Risk appetite is the level of risk an organization is willing to accept in pursuit of its strategy, set by the board. It is strategic, aspirational, and typically expressed in a one-to-two-page document. Risk tolerance is the acceptable variation around specific operational objectives, set by management. It is operational, measurable, and typically expressed as specific thresholds. A board that says 'we will accept moderate financial risk in pursuit of growth' has stated appetite. A CFO who says 'we will not let working capital drop below 45 days of revenue' has stated tolerance. Both matter. They are not interchangeable. Conflating them is one of the most common ways mid-market ERM programs get tangled up in their own definitions.
What does a mid-market ERM program cost to build?
A mid-market ERM program built correctly should not require dedicated headcount, software platforms, or six-figure consulting engagements. The cost is primarily in CFO time (one to two days a quarter for the review cycle, plus annual maturity assessment) and modest external advisory support to build the foundation. Companies that try to copy Fortune 500 spending patterns typically end up with over-engineered programs that do not get used.

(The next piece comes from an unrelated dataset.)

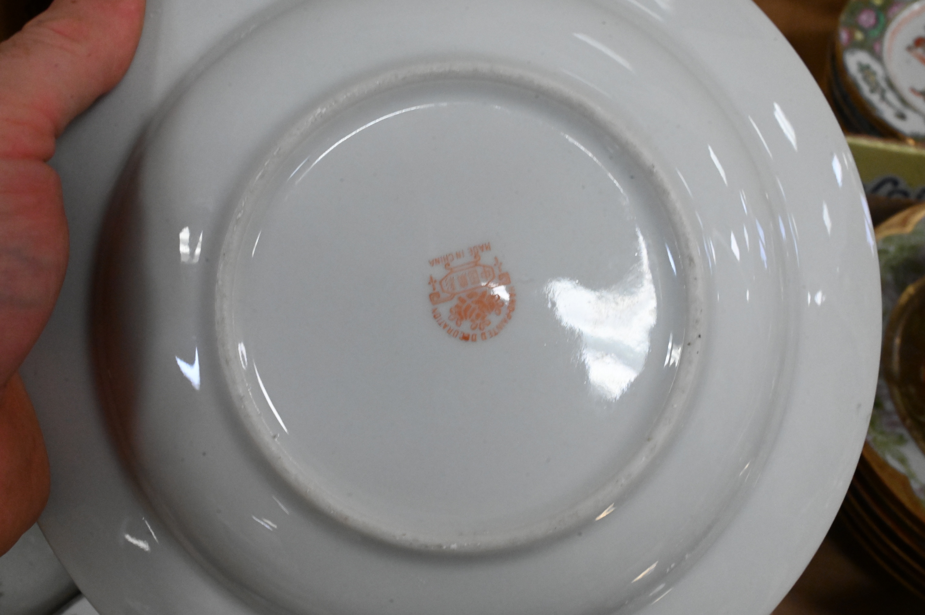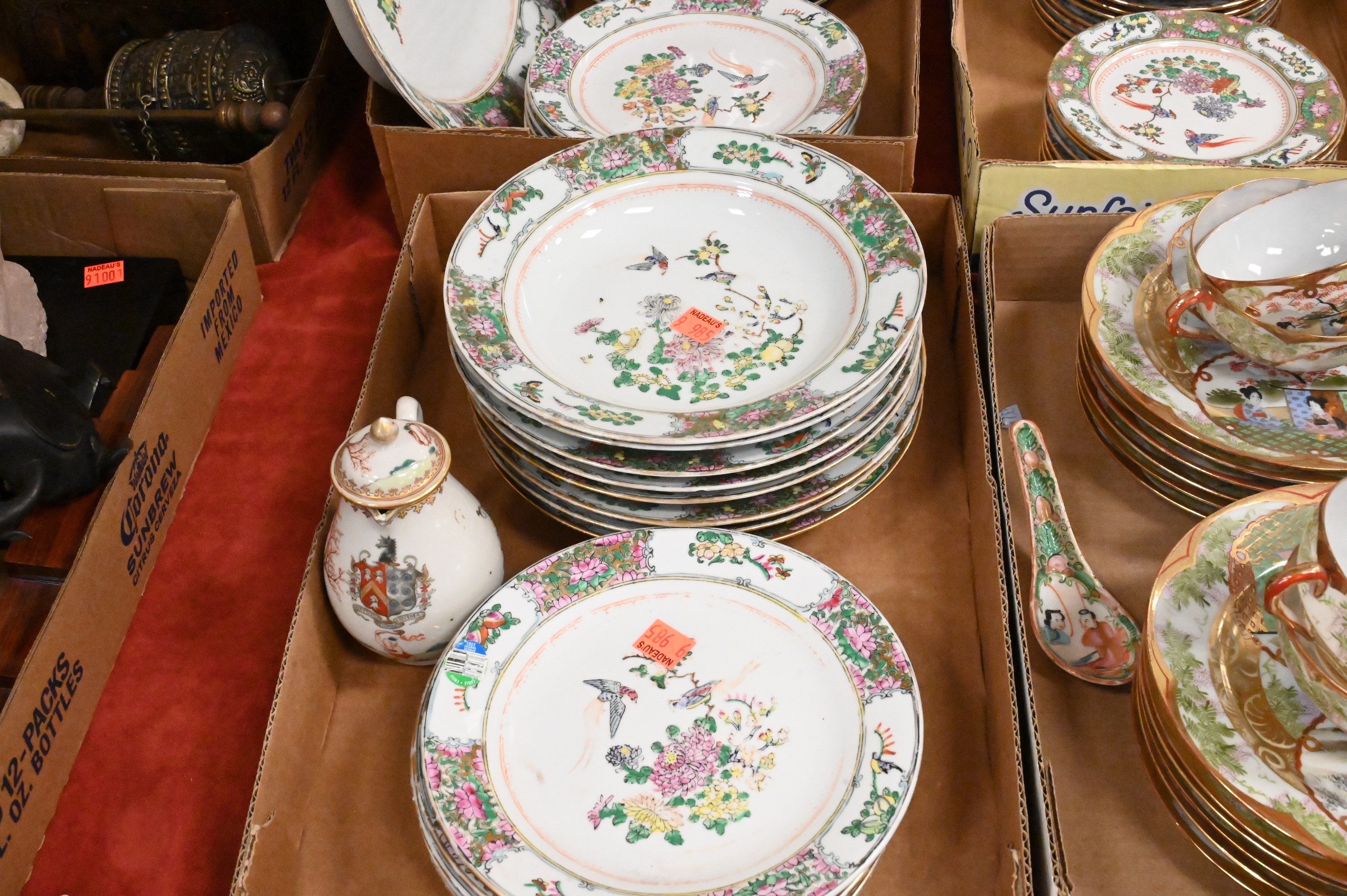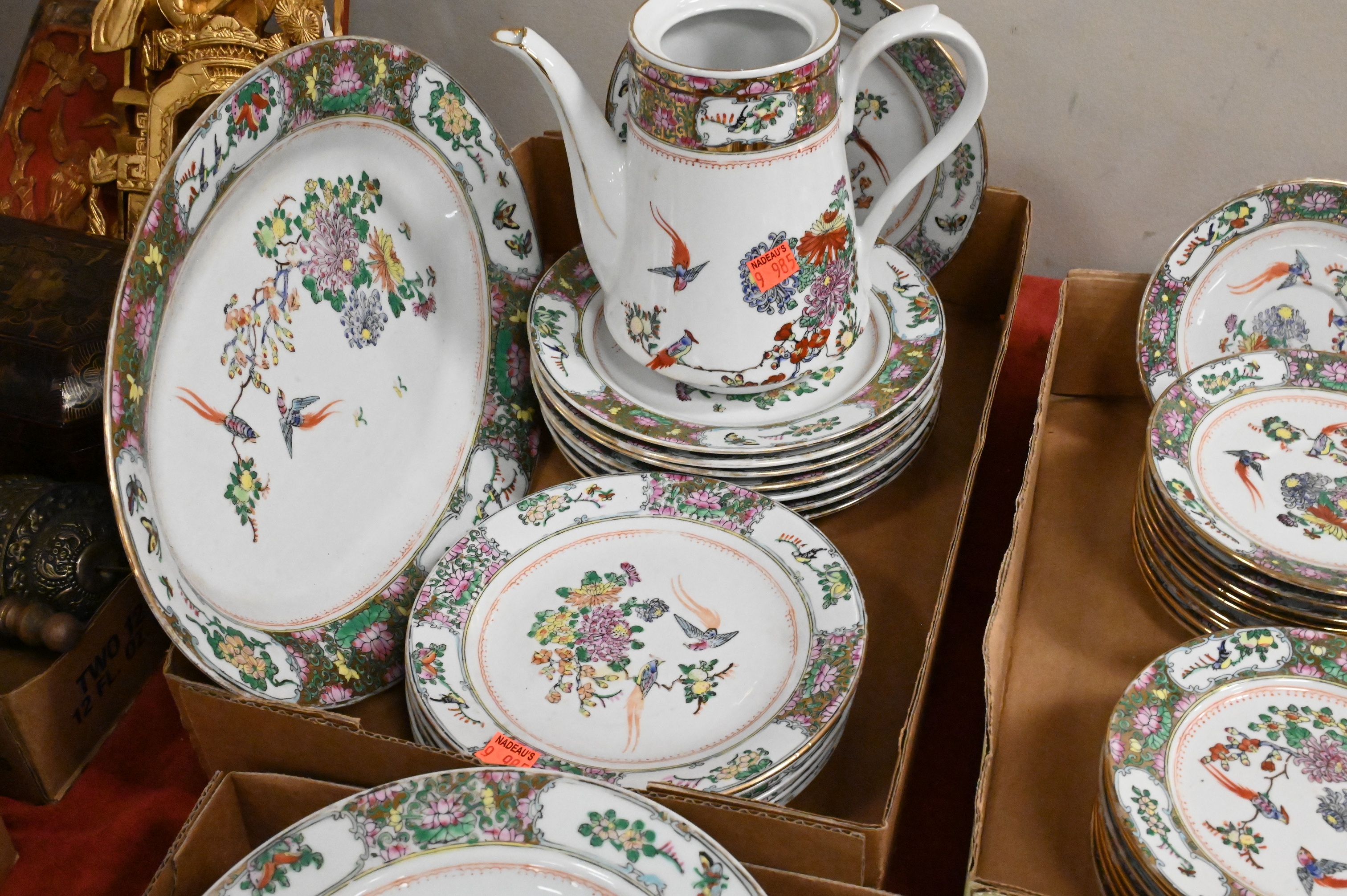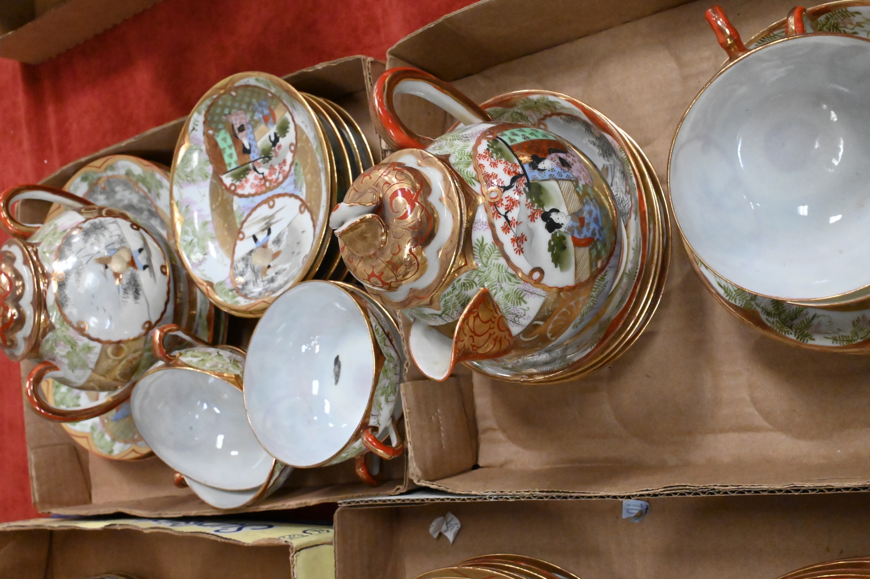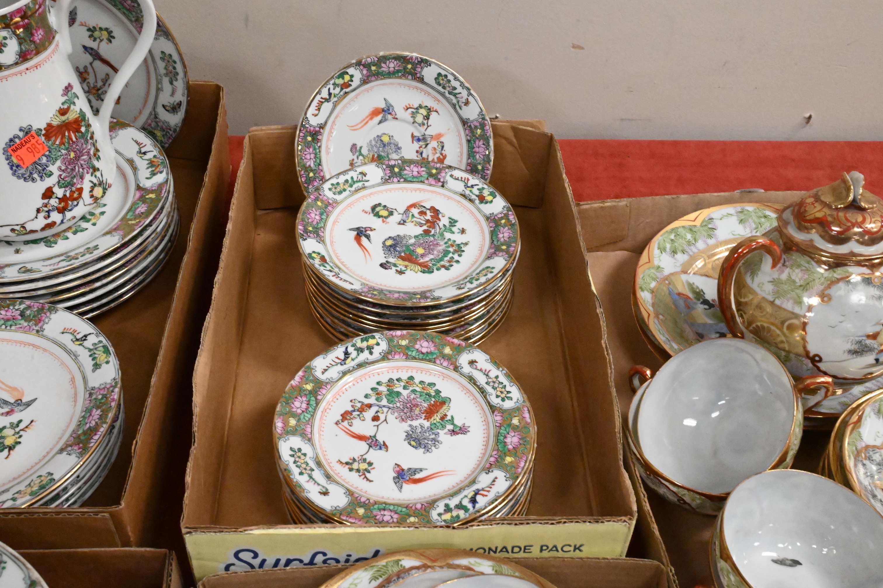 Chinese famille rose birds of paradise teapot, plates, bowls and saucers, along with Japanese Kutani partial dessert service with cream and sugar, saucers and teacups

The right answer is a lean program that produces a working board-ready heat map, named owners, and quarterly decisions, without the bureaucratic overhead.
How long does it take to build an ERM program?
For a mid-market company starting from zero or starting over from a broken program, a working ERM program can be stood up in 90 days: 30 days of foundation (risk universe, risk appetite, naming owners), 30 days of build (scoring, heat map, one-page report template, cadence), and 30 days of first-cycle execution (quarterly review, audit committee briefing, first capital allocation decision informed by risk data). The 90-day timeline assumes leadership team commitment and CFO sponsorship. Without those, no timeline works.